B to the effect that he had returned back to India in I960 or 1961. Further, realising the fact that the document (Ext. B) was not proved in accordance with law, the learned counsel did not press home the point. I find that the author of the documents was found to be thoroughly unreliable by the Courts below. No law under which such statements could be recorded, could be placed by the counsel If they are recorded in connection with any criminal case, it is hit by Section 25 of the Indian Evidence Act. In any view of the matter. in the instant case, the Courts below have not relied on the author of these documents. The appellate Court has rejected the documents as not worthy of belief.
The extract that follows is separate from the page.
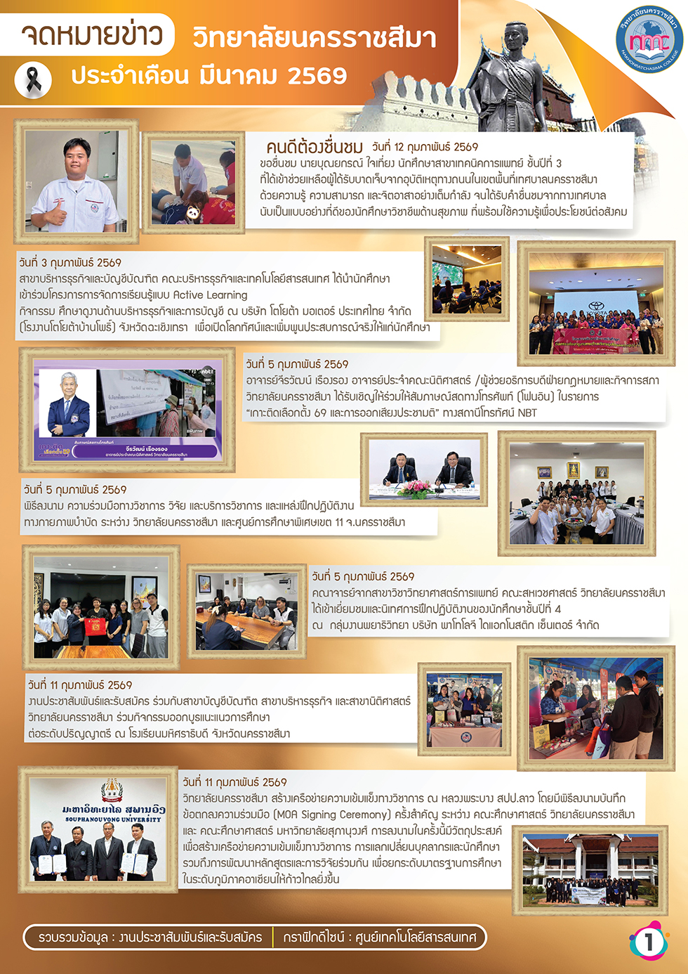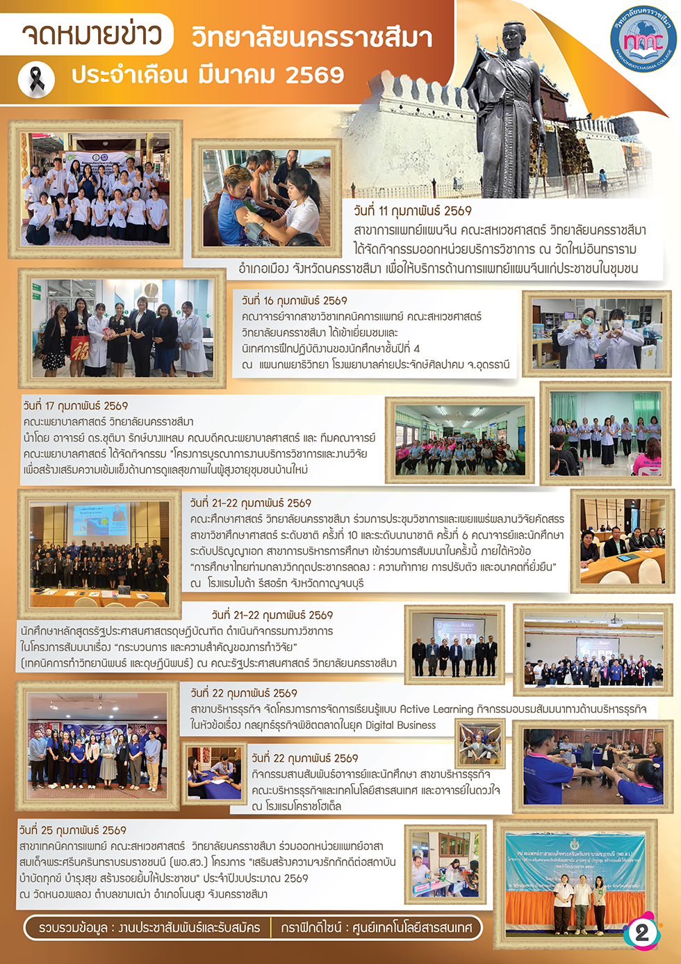 โครงการอบรมเพิ่มพูนทักษะการดูแลมารดาหลังคลอดด้วยศาสตร์การแพทย์แผนไทย ระหว่างวันที่ 19–20 มีนาคม 2569 ณ ห้องประชุมชั้น 3 วิทยาลัยนครราชสีมา

Under these circumstances, I do not find any force in the contention of the learned counsel for the appellants. 7. The most serious contention that has been made by the counsel for the appellants is that the very fact that the respondent-plaintiff had opted to serve in Pakistan amounted to migration as contemplated under the provisions contained in Arts. 5, 6 or 7 of the Constitution. In my opinion, expression of desire to go to another country and to serve there, cannot be termed as migration unless a person physically goes to the country. It is hardly possible to conceive that the word migration as contemplated in the said Articles includes a mere desire or wish of a person to go to a foreign land. The ordinary meaning of the word migration is a change of abode, a removal from one country or climate to another. Two elements, namely, mental desire and physical departure to the land are essentially necessary to constitute an act of migration. I do not find any force in the contention of the learned counsel. 8. The appeal is dismissed with costs. Appeal dismissed.